Now the clerks here know how Greeks feel.

I'm writing this from the doomed store. There are five customers; can't be more than $14 worth of purchases between us. Everyone is soaking up the free Wi-Fi, which we expect as our birthright. It's like your parents going to the counter at Woolworths and demanding a radio and a typewriter.

The coffee could be brackish mud that made you feel like you swallowed a railroad spike, but hey, free Wi-Fi! So people nurse the swill for two hours — then complain when management asks them to buy another cup while they're downloading a 12GB pirated Blu-ray from some Russian server. Fine. I'll go sit in the parking lot and finish. Greedheads.

So it's not a surprise that they're closing. Between the competition and the table-campers, it's a surprise that they stayed open.

Question: How come there's money for the Vikings and maybe Mayo, but not Caribou?

Because it's a private company! you say. They have no claim on the money the state extracts from its citizenry.

Correct. But how about gambling? They want to fund the stadium now with racino — why not combine gambling and coffee into something called Cappucino, to save our shuttered shops? Print "Winner" or "Loser" at the bottom of the cup. You'd see people buying cups just to pour out the coffee and see if they'd won, which is more or less the pulltab experience.

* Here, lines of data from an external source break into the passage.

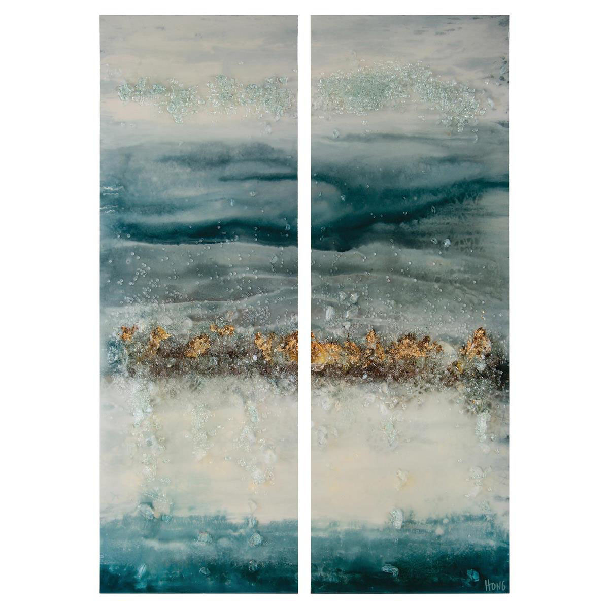 Enjoy the Mary Hong's Rolling Tide - Set of Two in your home today! Rolling Tide, a diptych taken from glass artist Mary Hongs piece Rolling Thunder, is a handsome creation featuring her signature broken glass technique and a high-gloss vitreous finish.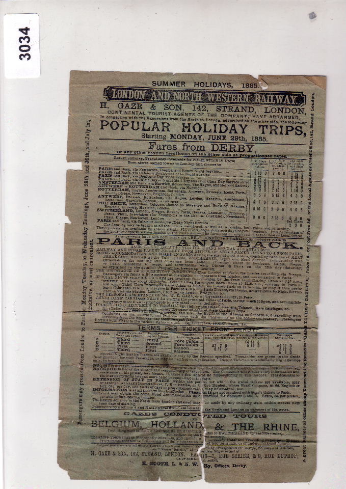 3034 Handbill Holiday trips from Derby – 1835 Box 1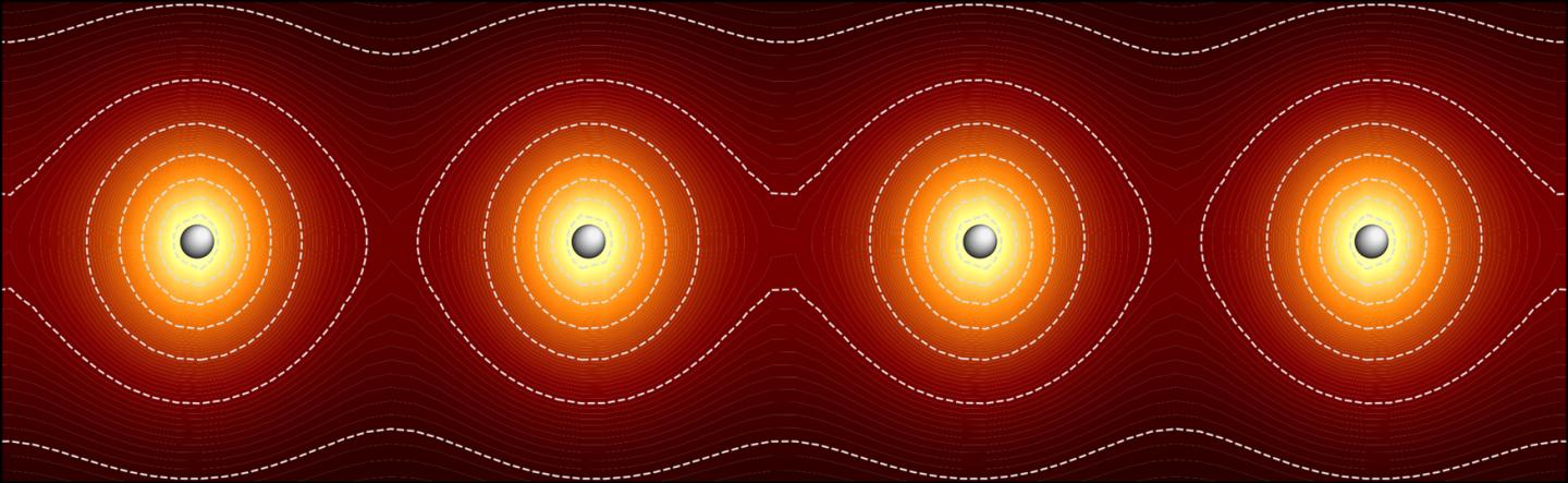 image: A map of where electrons are most likely to be found around a chain of hydrogen atoms. Brighter colors denote higher probabilities. At this spacing between atoms, the electrons try to link pairs of adjacent atoms to form dihydrogen molecules. Because the protons are fixed in place, these molecules can't form. Instead, each electron 'leans' toward a neighboring atom.
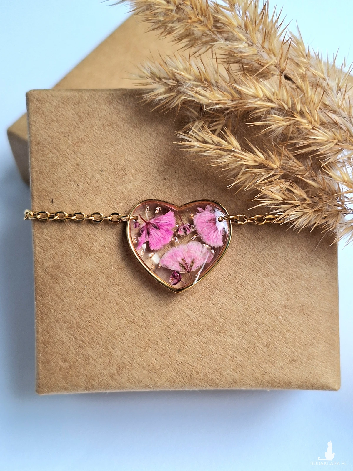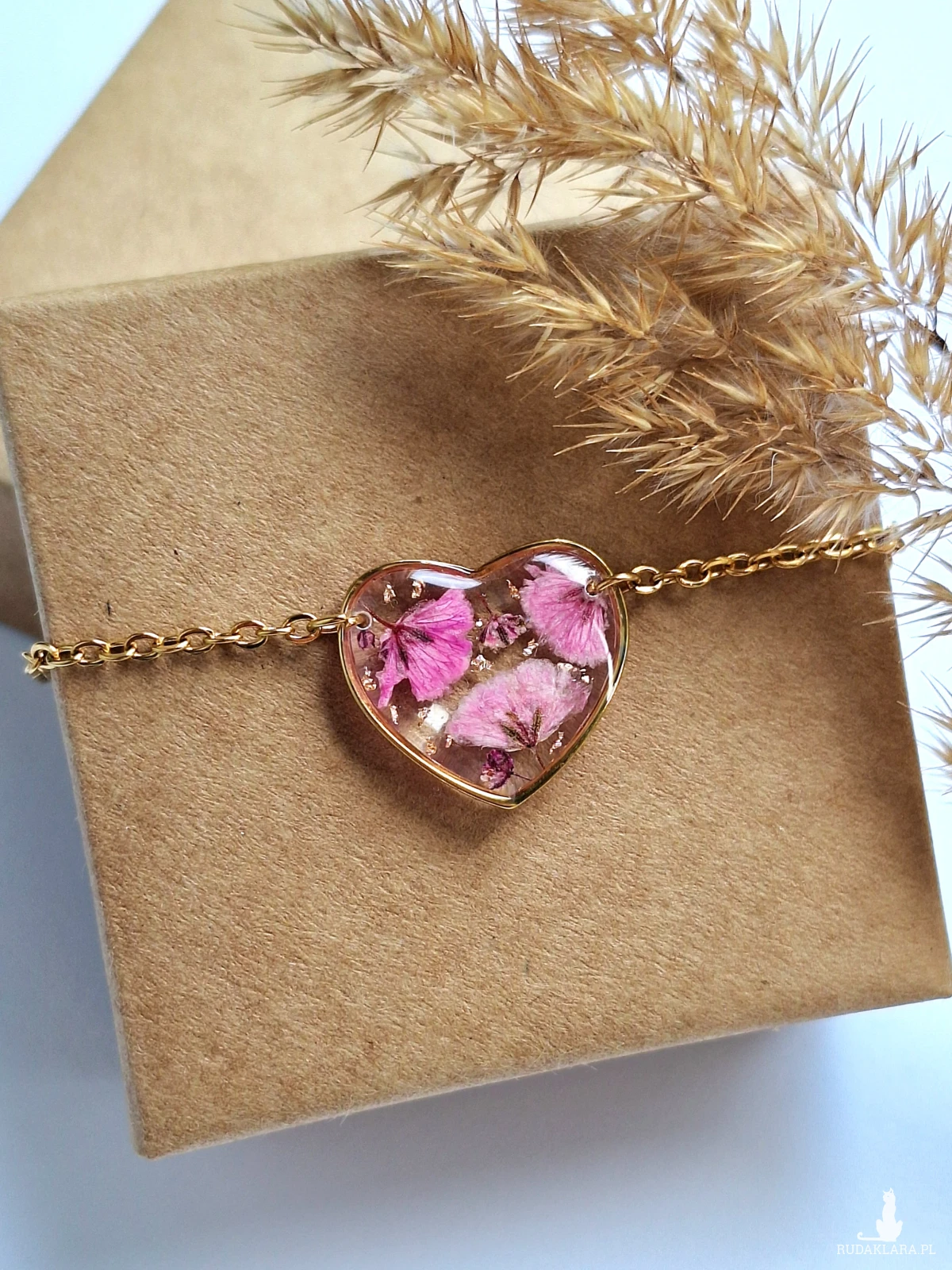 Urocza bransoletka z zatopionymi kwiatami różowej gipsówki i złotem. Wykonana z wysokiej klasy żywicy, która nie zmienia koloru pod wpływem promieniowania uv oraz wysokiej jakości stali chirurgicznej.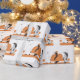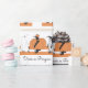 The product design features three cute penguins in Halloween costumes: ghost, pumpkin, and scarecrow. This funny animal illustration with personalised text makes whimsical and unique Halloween wrapping paper.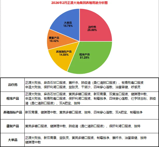 4、治疗药,程序产品,养殖指标产品,康复产品的比例越来越接近,市场客户对正源大地的产品理念接受程度显著提高。

Eventually people would just buy the cup without coffee, which would boost the profit margins.

"I'd like an empty caramel-vanilla Frappuccino cup, please, no Frappuccino."

"Whole milk or skim?"

"Skim, of course. I'm counting calories."

Probably won't happen. So here I am on the last visit, writing from a doomed cafe, watching people come in and say Oh No! about the closing, listening to the clerk accept their sympathies, ignoring the carefully selected mid-tempo inoffensive rock on the speakers, watching a little kid eyeball the sweets in the bakery counter.

I'm enjoying a neighborhood fixture for the last time, sipping one … last … cup of coffee.

Which is now as cold as a German manager's heart.